## Exercise brief
Restate all the lines below word for word, but omit the pictures.

## Data extract
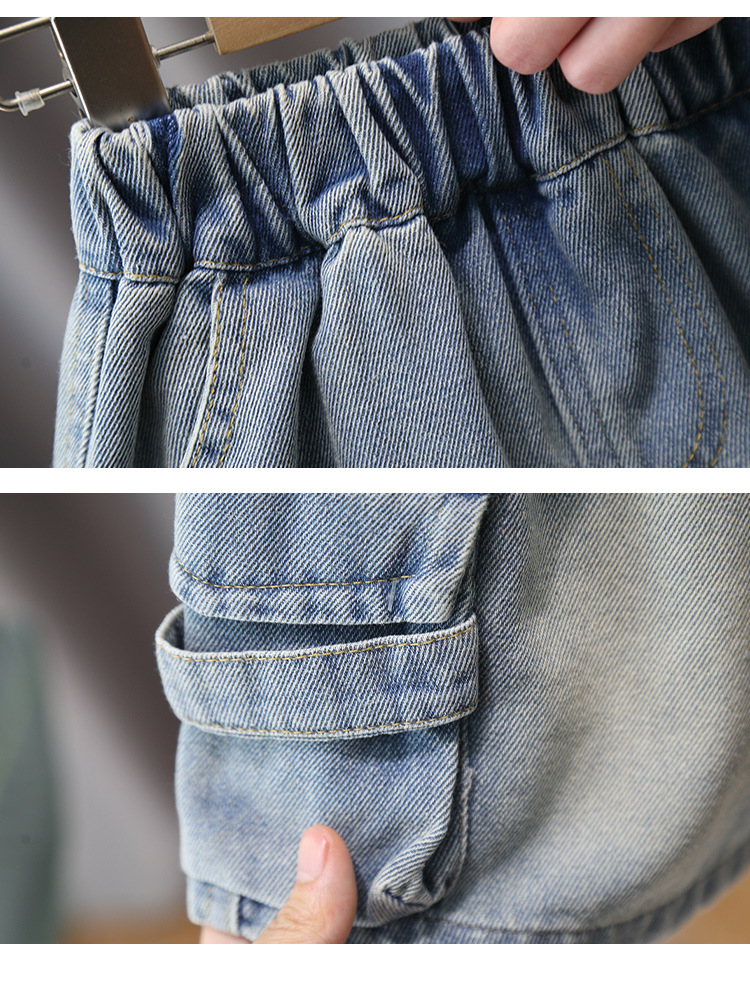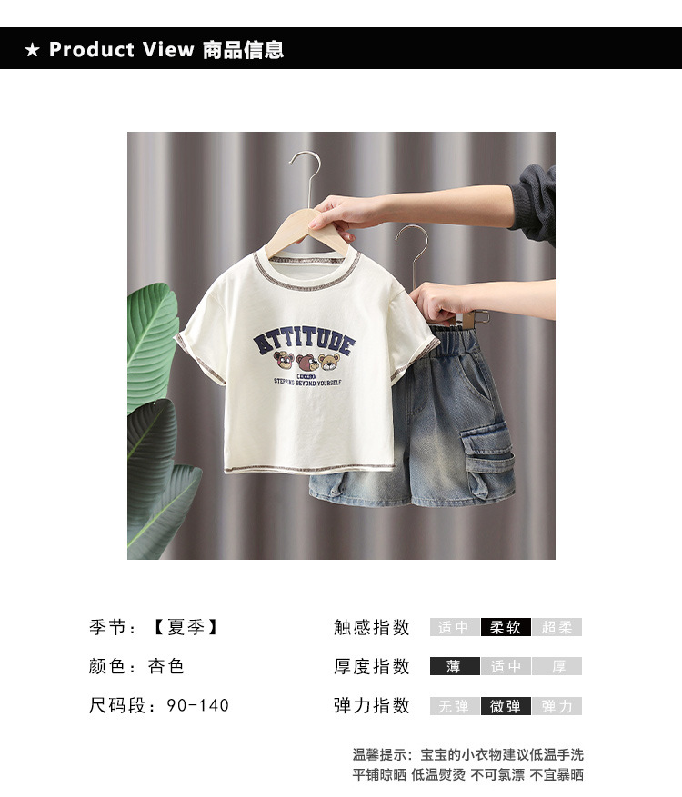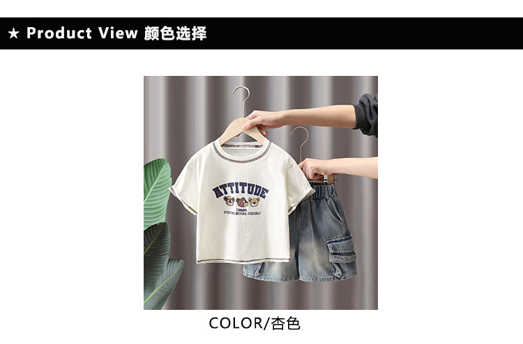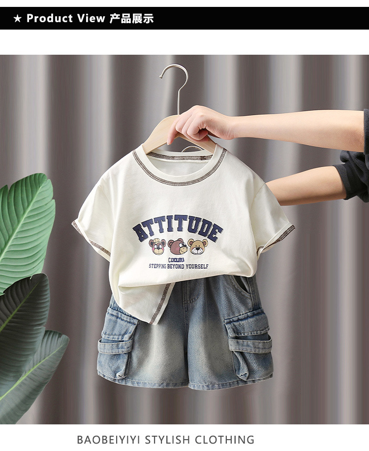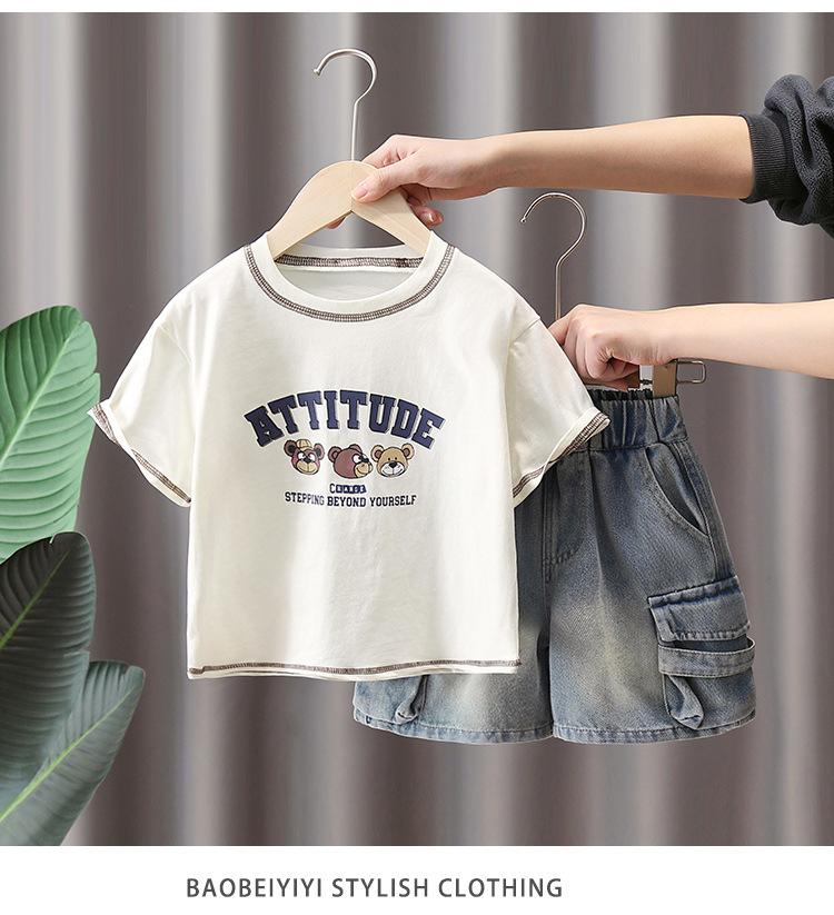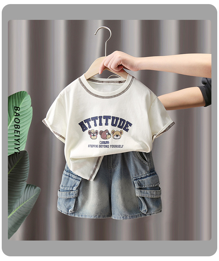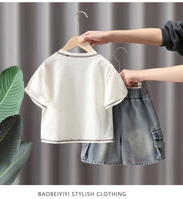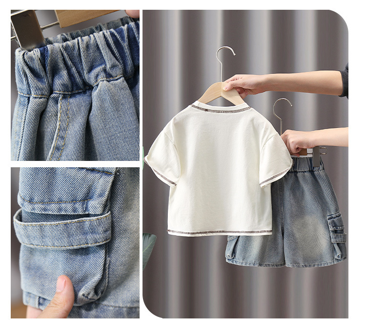 7914 traje de manga corta de verano para niños 2025 nuevos pantalones vaqueros coreanos para niños de dos piezas ropa de verano de moda para bebés
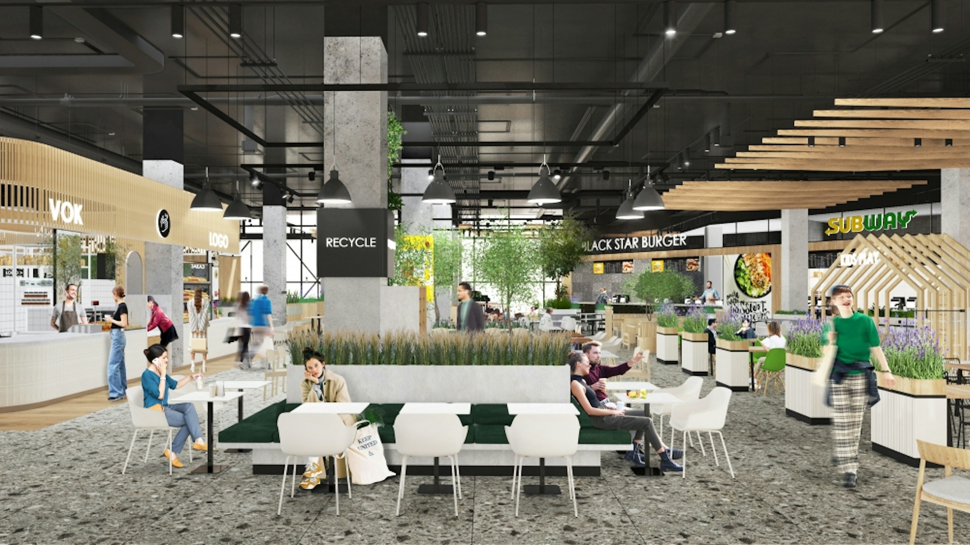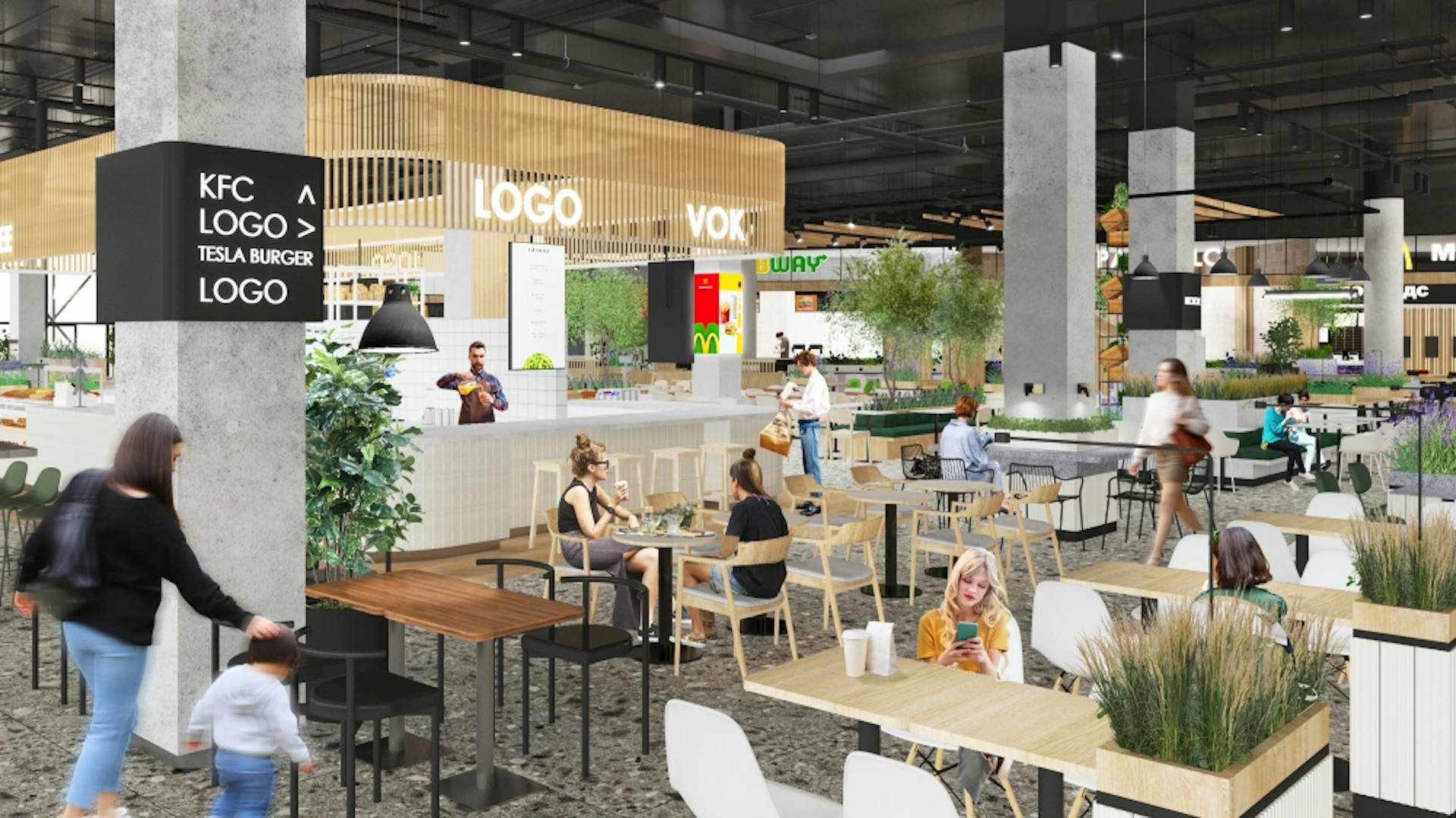The concept of a foodhall has transformed the usual perception of food in shopping malls. Now the gastronomic experience is no less important for the shopping process, which means that the interior of the food hall should have a long pastime and a variety of activities. The foodhall at the Tyumen City Mall is becoming not just a place for lunch on the run, but a full-fledged event space. As part of the new functionality of the foodhall, we have added a stage for events, a kid's playroom, a lounge area, as well as a market with natural greenery. Among the tenants of the foodhall there are both international fastfood giants and local food brands, so it was important to give the common style of placement and design of signage, as well as areas for orders. Countertops with a concrete texture and stylized columns also open up the possibility of placing media screens with advertising information of tenants. For the decoration of the walls and ceiling, we chose a shade of dark graphite. The contrasting solution in the design of the corners - slats made of light wood - made it possible to hide the technical equipment of the tenants from visitors. Structures with a light wood texture are also used as decorative elements of the ceiling. The columns of the foodhall are made in decorative plaster for concrete – we have carefully placed all technical areas behind them, including hygiene areas. The lighting of the foodhall was created with the help of tracking lamps and suspended structures – this is how we visually increase the height of the space. In the stage area, we used additional spotlights for a better view.
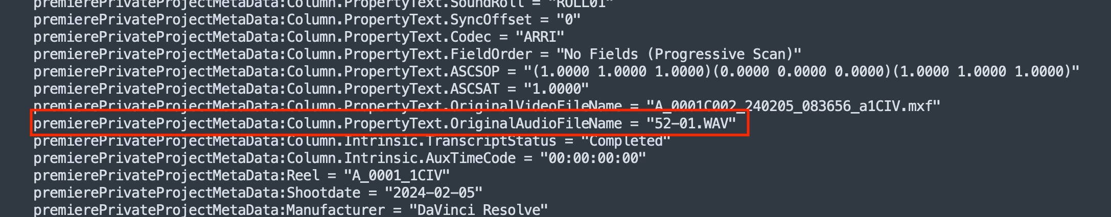 Also, when I use dumpObject() I can see the Column.PropertyText.OriginalAudioFileName property, but premiere isn't reading it correctly, and will display incorrect data. See screen grabs and txt file attached.

## Response to the task
 7914 traje de manga corta de verano para niños 2025 nuevos pantalones vaqueros coreanos para niños de dos piezas ropa de verano de moda para bebés
The concept of a foodhall has transformed the usual perception of food in shopping malls. Now the gastronomic experience is no less important for the shopping process, which means that the interior of the food hall should have a long pastime and a variety of activities. The foodhall at the Tyumen City Mall is becoming not just a place for lunch on the run, but a full-fledged event space. As part of the new functionality of the foodhall, we have added a stage for events, a kid's playroom, a lounge area, as well as a market with natural greenery. Among the tenants of the foodhall there are both international fastfood giants and local food brands, so it was important to give the common style of placement and design of signage, as well as areas for orders. Countertops with a concrete texture and stylized columns also open up the possibility of placing media screens with advertising information of tenants. For the decoration of the walls and ceiling, we chose a shade of dark graphite. The contrasting solution in the design of the corners - slats made of light wood - made it possible to hide the technical equipment of the tenants from visitors. Structures with a light wood texture are also used as decorative elements of the ceiling. The columns of the foodhall are made in decorative plaster for concrete – we have carefully placed all technical areas behind them, including hygiene areas. The lighting of the foodhall was created with the help of tracking lamps and suspended structures – this is how we visually increase the height of the space. In the stage area, we used additional spotlights for a better view.
 Also, when I use dumpObject() I can see the Column.PropertyText.OriginalAudioFileName property, but premiere isn't reading it correctly, and will display incorrect data. See screen grabs and txt file attached.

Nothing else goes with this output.